TABLE III: Attained autotuned performance with bricks in GStencil/s and speedup (in parenthesis) over the best tuned tiled implementation. Observe, as stencil complexity increases, so too does the benefit of bricks.



Fig. 10: Roofline figure for benchmarks running on the P100 Pascal GPU where each dot represents our optimized brick performance for a different stencil.

#### D. Performance Portability

To assess the performance portability of bricks, we adopt the performance portability metric  $\mathbf{P}$  across a set of platforms H as defined by Pennycook et al. [34], [35] as reproduced in Equation 1. In that formalism, we define the metric's efficiency  $e_i(a, p)$  for application a and problem p on platform i as the fraction-of-roofline.

$$\mathbf{P}(a, p, \mathbf{H}) = \begin{cases} \frac{|\mathbf{H}|}{\sum_{i \in \mathbf{H}} \frac{1}{e_i(a, p)}} & \text{if } i \text{ is supported,} \\ \forall i \in \mathbf{H} \\ 0 & \text{otherwise} \end{cases}$$
(1)

Table IV presents the resultant efficiencies (performance relative to Roofline) for each platform, stencil, and precision. Additionally, we show performance portability using Equation 1 for a given stencil and precision, and again averaged over all stencils for a given precision. We observe that the smaller stencils are generally memory-bound and attain high fractions of the Roofline for most platforms. Consistently high efficiencies produce high performance portability  $\mathbf{P}$ . Conversely, the consistently moderate efficiency for the 125-point stencil produces a moderate  $\mathbf{P}$ . Overall, across all platforms and stencils, we attain a performance portability  $\mathbf{P}$  of 72% in double precision.

|         | Single-Precision |     |      |     | <b>Double-Precision</b> |     |      |     |
|---------|------------------|-----|------|-----|-------------------------|-----|------|-----|
| Stencil | KNL              | SKL | P100 | P   | KNL                     | SKL | P100 | P   |
| 7pt     | 96%              | 83% | 64%  | 79% | 96%                     | 85% | 82%  | 87% |
| 13pt    | 91%              | 83% | 59%  | 75% | 92%                     | 83% | 78%  | 84% |
| 19pt    | 90%              | 83% | 54%  | 72% | 82%                     | 82% | 77%  | 80% |
| 25pt    | 94%              | 83% | 51%  | 71% | 81%                     | 83% | 73%  | 79% |
| 27pt    | 73%              | 76% | 49%  | 63% | 66%                     | 75% | 69%  | 70% |
| 125pt   | 44%              | 45% | 45%  | 45% | 41%                     | 43% | 62%  | 47% |
| iso     | 78%              | 98% | 61%  | 76% | 78%                     | 98% | 82%  | 85% |
| cns     | 74%              | 60% | 55%  | 62% | 78%                     | 60% | 62%  | 66% |
|         |                  |     |      | 66% |                         |     |      | 72% |

TABLE IV: Application Efficiency  $(e_i)$  and Performance Portability of various stencils when using bricks. Numbers below the table represent averages across all stencils.

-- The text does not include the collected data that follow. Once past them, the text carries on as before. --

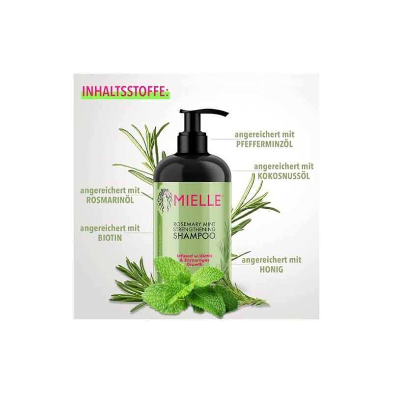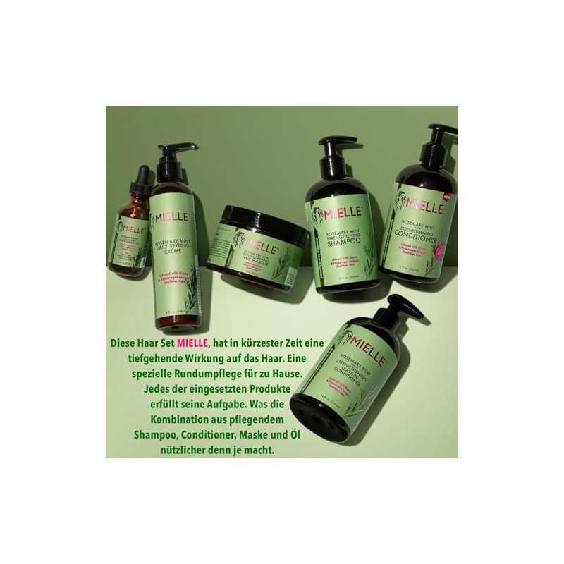 - [KRAFTVOLLE INHALTSSTOFFE] Jedes Produkt in unserem Set ist mit Biotin angereichert, das bekannt dafür ist, die Haarstruktur zu stärken und Haarausfall zu reduzieren. Die natürlichen Extrakte von Rosmarin und Minze erfrischen und beruhigen die Kopfhaut, während sie das Haar nähren und dessen natürlichen Glanz wiederherstellen.
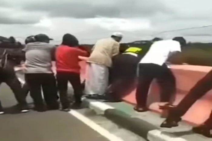 Gridmotor.id - Ramai sebuah video yang memperlihatkan warga mengevakuasi korban kecelakaan motor yang terlempar dari jembatan.
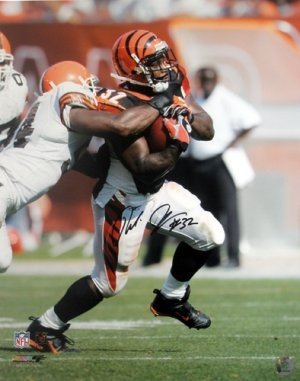 Rudi Johnson was drafted by the Cincinnati Bengals in the fourth round of the 2001 NFL Draft. Johnson was selected to the Pro Bowl with the Bengals in 2004 leading the AFC team in rushing. His bruising style of nose to the grindstone running Johnson made quite a reputation, and led to nicknames such as "The Auburn Rambler". Rudi Johnson has hand autographed this Cincinnati Bengals Color 16x20 Photo. Certificate of Authenticity from Athlon Sports.
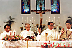 圖片說明: 澳門教區大主教林家駿(右二)主持圣誕子夜彌撒。
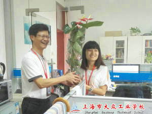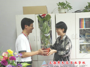 2017年9月6日中午,信息工程系办公室的老师们像往常一样在办公室备课、批阅学生作业,班主任时而喊几个学生布置一下班级工作……突然,一阵敲门声,推门而进的是校党总支书记、校长冯明老师,冯书记捧着鲜红的火鹤花笑道:“礼轻情意重,感谢各位老师的辛勤工作,在这里提前祝你们教师节节日快乐!”
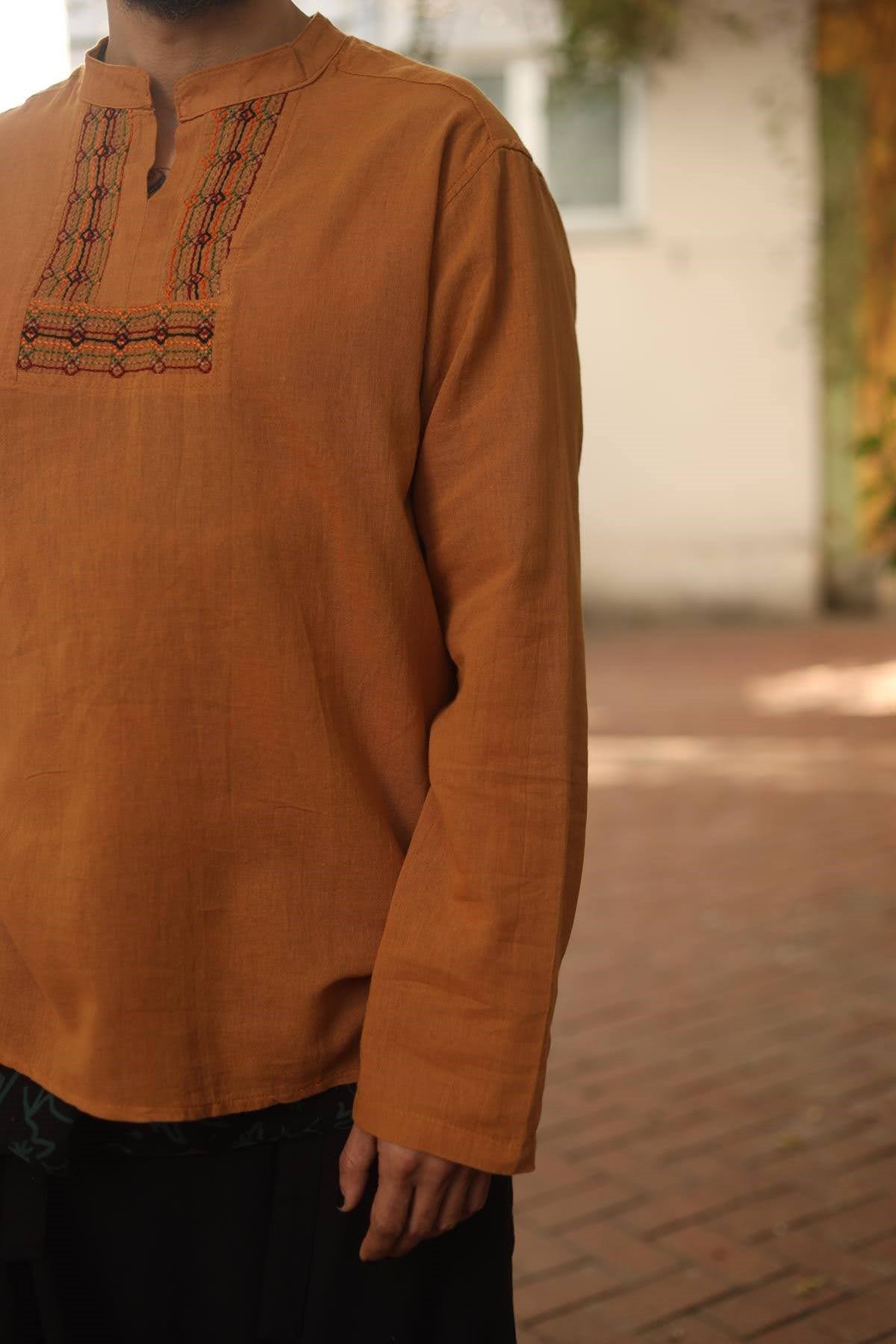 Mustard Mandarin Collar Embroidery Detail Cotton Shirt (EG-TO-005-PA-HAR-S)

Currently, we calculate efficiency  $e_i$  based solely on the number of useful floating-point operations. However, brickbased stencils can require vector shuffle and alignment operations that consume cycles that would otherwise be used for floating-point operations. As a result, although our efficiency calculations are accurate in that they include all floatingpoint operations, they may not be sufficient as they do not incorporate all vector operations. To that end, in the future, we will expand our efficiency metric to incorporate all vector operations in order to better account for contended resources as suggested by Yang et al. [36]. This will more accurately calculate  $e_i$  and thus increase our brick library's  $\mathbf{P}$ .

# VI. RELATED WORK

A large body of prior work on optimizing stencils has focused on stencils applied on large grids which are usually bound by capacity or compulsory cache misses, leading to a variety of studies on spatial and temporal tiling [37], [28], [38], [39], [40], [41], [5], [10], [8], [4], [1], [2], [3], [42],[9], [7], [12], [6]. A few specifically focused on generating GPU code [43], [44]. These tiling techniques have focused on loop or iteration space tiling and sometimes seek to optimize in the time domain ("2.5D") to increase data reuse. The applicability of 2.5D tiling is highly dependent on the structure and complexity of the underlying numerical method and presence of distributed memory communication. It has been shown to be effective for the simplest operators running on a single node, and when profitable is straightforward to express with a 2.5D loop structure built on top of our generated brick iteration.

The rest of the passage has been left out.